I just wanted to give you a heads-up: The guest commentary by Ray Uberecken entitled “Larry’s Right! NRSC Measurements Are Unneeded,” in my view, contains an error.
The author states that the annual test for AM stations “is an Occupied Bandwidth measurement only and does not require measurement of harmonics, intermod or spurious emissions.”
That is not correct. For more than 20 years, FCC rules 73.44 and 73.1590 have specifically called for annual harmonic and spurious measurements. Occupied bandwidth is everything that comes out of the transmitter — not just the modulation sidebands near the center frequency, as Mr. Uberecken writes.
73.1590 covers when and why the measurements need to be made, and 73.44 describes the specifications for AM stations to meet or exceed in these measurements.
Here are a couple excerpts from those rules that are pertinent to this point:
73.1590 (b) Measurements for spurious and harmonic emissions must be made to show compliance with the transmission system requirements of 73.44 for AM stations.
It doesn’t get much clearer than that! And…
73.44 (b) Emissions 10.2 kHz to 20 kHz removed from the carrier must be attenuated at least 25 dB below the unmodulated carrier level, emissions 20 kHz to 30 kHz removed from the carrier must be attenuated at least 35 dB below the unmodulated carrier level, emissions 30 kHz to 60 kHz removed from the carrier must be attenuated at least [5 + 1 dB/kHz] below the unmodulated carrier level, and emissions between 60 kHz and 75 kHz of the carrier frequency must be attenuated at least 65 dB below the unmodulated carrier level. Emissions removed by more than 75 kHz must be attenuated at least 43 + 10 Log (power in watts) or 80 dB below the unmodulated carrier level, whichever is the lesser attenuation, except for transmitters having power less than 158 watts, where the attenuation must be at least 65 dB below carrier level.
That final clause covering emissions more than 75 kHz from the carrier frequency refers to the rest of the radio spectrum! That’s the “harmonic and spurious” part of the measurement.
For the annual Equipment Performance Measurements on AM stations, it has been my practice to use a spectrum analyzer or splatter monitor to measure the signals within 100 kHz of the carrier, a field intensity meter to measure the strength of the second, third and fourth harmonics, and a general coverage receiver to tune the range 500 kHz to 30 MHz checking for any spurious signals that might be related to the station under test.

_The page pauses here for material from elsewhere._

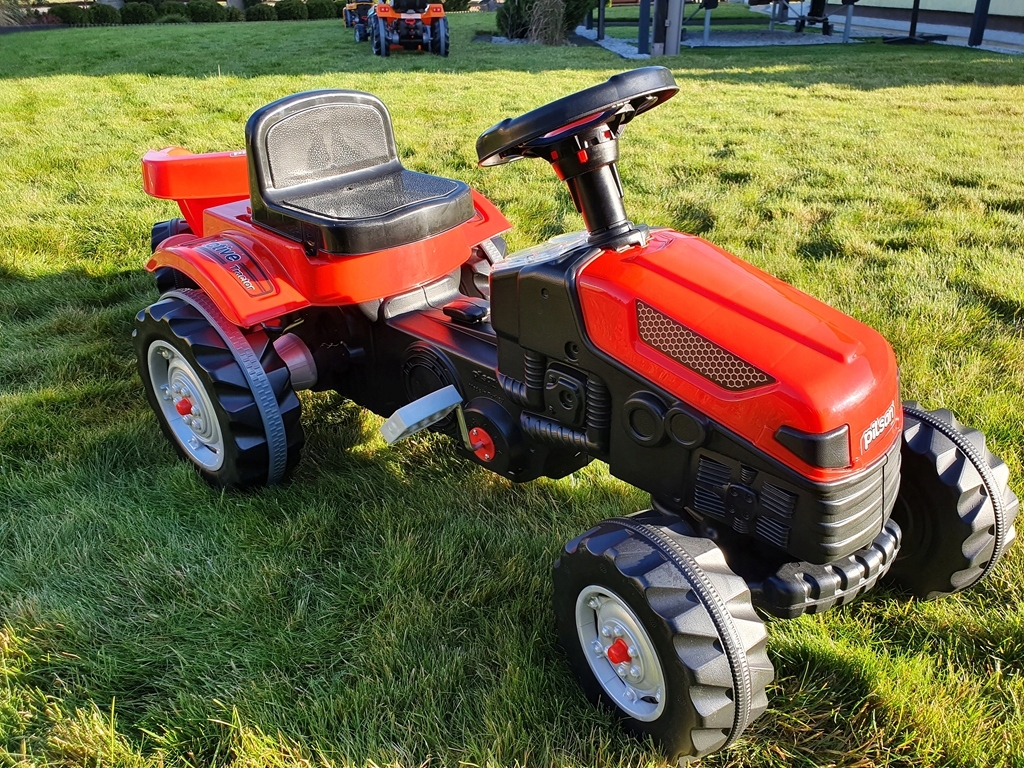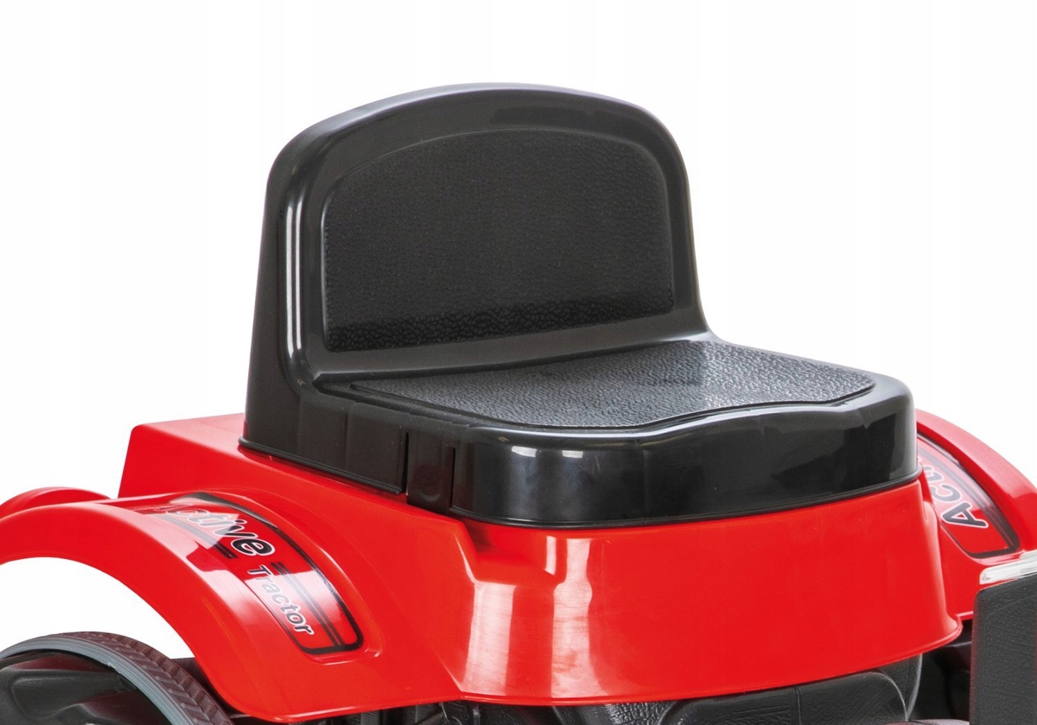 Traktor napędzany jest za pośrednictwem pedałów które stabilnie zamocowane są w konstrukcji nośnej zabawki. Bardzo ciekawą funkcją jest możliwość regulacji siedzenia w zakresie przód – tył, umożliwia odpowiednie przygotowanie pojazdu do wysokości dziecka. Dodatkowo na wyposażeniu znajduje się duża przyczepka w której można przewozić zabawki, wiaderka, łopatki czy też piasek i kamienie.

The purpose of these tests is to ensure that the station is only putting is energy into the licensed slice of bandwidth and not elsewhere in the spectrum where it could interfere with other stations and services. In my view these are important checks that need to be made at least annually.

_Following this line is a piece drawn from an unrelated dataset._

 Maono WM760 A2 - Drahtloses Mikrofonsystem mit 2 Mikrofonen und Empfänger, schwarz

I’d go further: The same interference concerns apply to FM stations, and I feel they should be required to make annual measurements as well. But the FCC rules do not call for FM equipment performance measurements on a periodic basis — only when a transmitter is replaced or modified.
I understand this was a commentary, but misleading information regarding the commission rules could lead stations to make a serious compliance mistake.